Let’s take just one example of an all-too-common misconception when it comes to liturgy and “active participation”: the over-reliance on so-called “Eucharistic Ministers” (correctly called Extraordinary Ministers of Holy Communion).

There is no greater moment this side of the mortal barrier than our reception of Christ in the Eucharist at Mass. Everything we experience with our senses leading up to that sublime moment of encounter should elevate our minds to contemplate Him before us. Conscious of our sins, we should also contemplate our own smallness and utter dependence on His mercy and love. We know that angels surround the altar and humbly worship Christ along with us. With that in mind, is it not the least bit disruptive to our interior preparation to witness a small band of casually dressed “Ministers” marching into the sanctuary, surrounding the altar and then picking up a ciborium or chalice, both of which contain the King of Kings? It should be noted that, for centuries, it was expressly forbidden for anyone but the priest to touch the Blessed Sacrament with his hands. There was an obvious reason behind this rule.

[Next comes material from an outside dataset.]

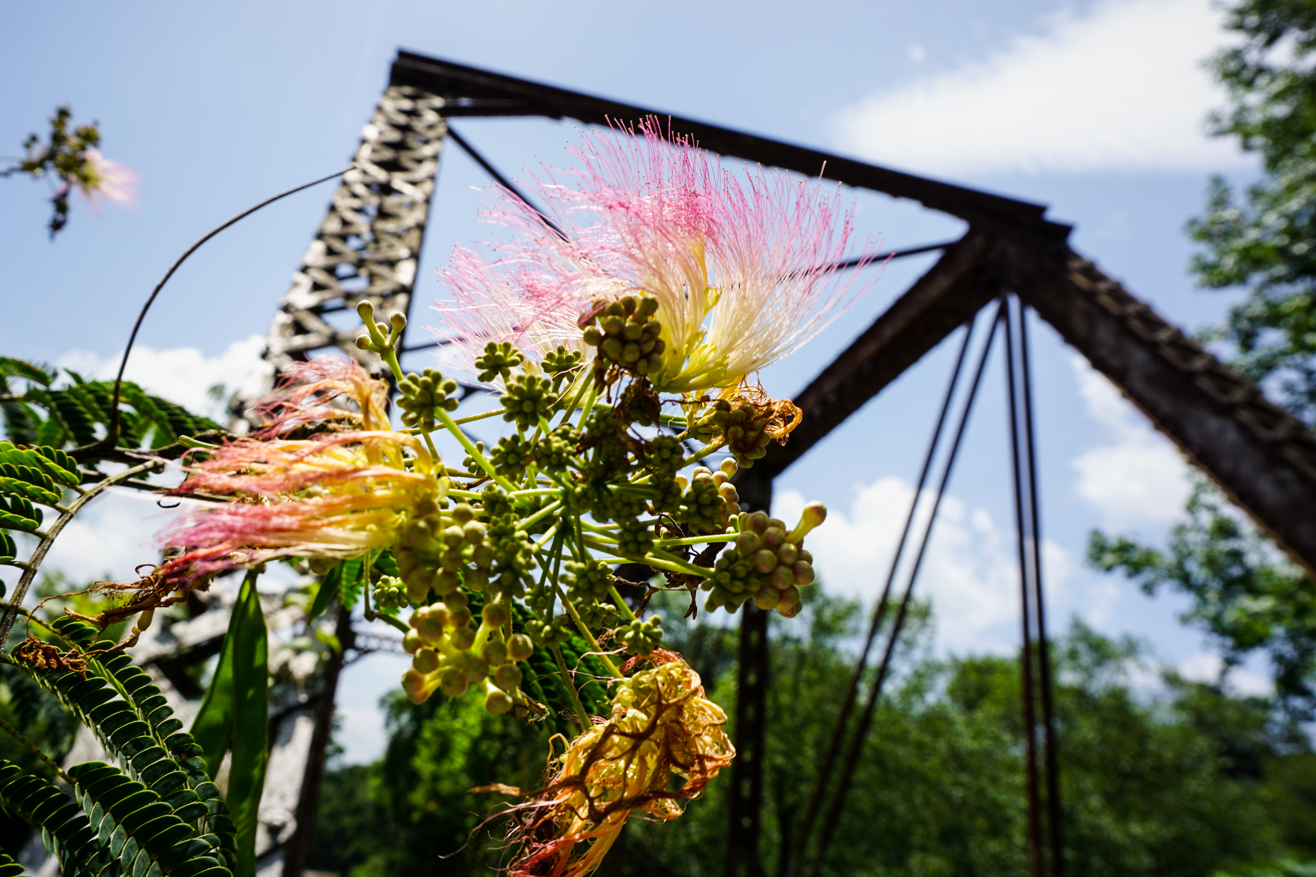 As I entered the Ouachita National Forest to the north of the memorial, my cell service began to suffer. My next destination was near the town of Haw Creek, which was situated near the Arkansas border in a very rural area. My map had stopped showing me individual roads (thanks to my attempt to re-route with one bar of service) and as I got closer I had to guess on which turns to take. Furthermore, Google Maps doesn’t support notes for marked locations, so I wasn’t entirely sure what I was looking for. I guessed it was a bridge, and I ended up being correct. It was also slightly irregular, as it’s very tall and extra narrow. Some online research suggests it may have started out as a railroad bridge somewhere else before being moved. It spans Big Creek, which was one of the clearest streams I’d seen in the state, and there were some beautiful flowers on the north side of the truss. I’m not sure what kind they are; they look like botanical fireworks!
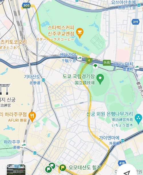 그러면 입장료를 내고 들어가도 되었을 텐데, 지금까지 걸어오면서 공원의 규모를 이미 체감해 버렸기 때문에 시부야까지 걸어갈 체력을 아낄 생각에 + 한참 걷던 중이라 관성이 붙어서 그 앞에서 잠시 서서 쉬다가 그대로 지나쳤다. 관성.. 관성이 문제였다.

The care and attention people give to something (whatever it is) will largely be determined by their observations of how that thing is treated or handled by others. Something precious and valuable will be handled with great care and attention, and typically only by authorized people. Those watching will quickly get the message: “This is very important.” Something common and ordinary and of little value will be handled by more people and with far less consideration. If rules regulating how the Eucharist is handled become overly democratized (as they certainly have been) people will gradually lose a sense of its inestimable value and even its very meaning.

Seeing people dressed just like I’m dressed (no liturgical vestments) and living a life just like I am living (as a layman) handle the Eucharist will naturally result in a lowering of the bar in terms of my perception of how sacred the Eucharist is. This rings all the more true in our day, when catechesis regarding the true teaching of the Real Presence is so low. I would posit that this same argument can be applied even more strongly to the ubiquitous practice of the laity receiving Communion in the hand instead of the ancient practice of receiving on the tongue. One form of reception naturally and clearly demonstrates an awareness of the sacred.

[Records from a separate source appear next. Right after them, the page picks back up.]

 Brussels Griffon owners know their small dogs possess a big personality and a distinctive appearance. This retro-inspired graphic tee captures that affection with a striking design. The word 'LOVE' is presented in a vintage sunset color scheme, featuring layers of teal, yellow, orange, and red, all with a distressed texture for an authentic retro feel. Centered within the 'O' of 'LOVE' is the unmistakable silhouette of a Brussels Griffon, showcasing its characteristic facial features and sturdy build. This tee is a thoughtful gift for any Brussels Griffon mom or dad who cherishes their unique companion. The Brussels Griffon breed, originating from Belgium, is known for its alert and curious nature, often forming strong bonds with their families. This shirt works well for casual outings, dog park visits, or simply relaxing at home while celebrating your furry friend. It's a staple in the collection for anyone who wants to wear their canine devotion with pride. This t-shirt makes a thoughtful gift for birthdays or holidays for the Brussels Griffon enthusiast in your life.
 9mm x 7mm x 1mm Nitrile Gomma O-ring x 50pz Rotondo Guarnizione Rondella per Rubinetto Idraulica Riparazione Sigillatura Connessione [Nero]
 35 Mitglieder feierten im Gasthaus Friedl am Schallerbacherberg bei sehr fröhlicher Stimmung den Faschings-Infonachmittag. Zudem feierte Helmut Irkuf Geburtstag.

To suggest that we’ve lost a sense of the sacred at Mass is hardly controversial. So why not take concrete steps to restore it? One of those steps is to limit (or virtually eliminate) the reliance on Extraordinary Ministers of Holy Communion. Even if it takes longer for the priest to distribute Communion by himself, so what? Think about it. Christ, the Second Person of the Blessed Trinity, has lovingly and mercifully come down to us from heaven for our benefit in Holy Communion. And are we going to object about the time it takes for the priest to distribute Communion? As we wait, can’t we spend a little more time in prayer, united to Him in this Sacrament?

Ask yourself this question: Has the explosion of so-called “Eucharistic Ministers” at Mass truly helped build up or nurture a culture of reverence, awe and adoration before Our Lord in the Blessed Sacrament? I don’t think anyone could seriously answer in the affirmative. No doubt, many serving in this capacity believe they are doing a great service to their parish. But we nevertheless need to entertain the likelihood that, whatever the intentions or motivations of particular individuals, the over-reliance on Extraordinary Minsters has directly contributed to a weakening of many Catholics’ appreciation for the sacredness of this sublime Sacrament.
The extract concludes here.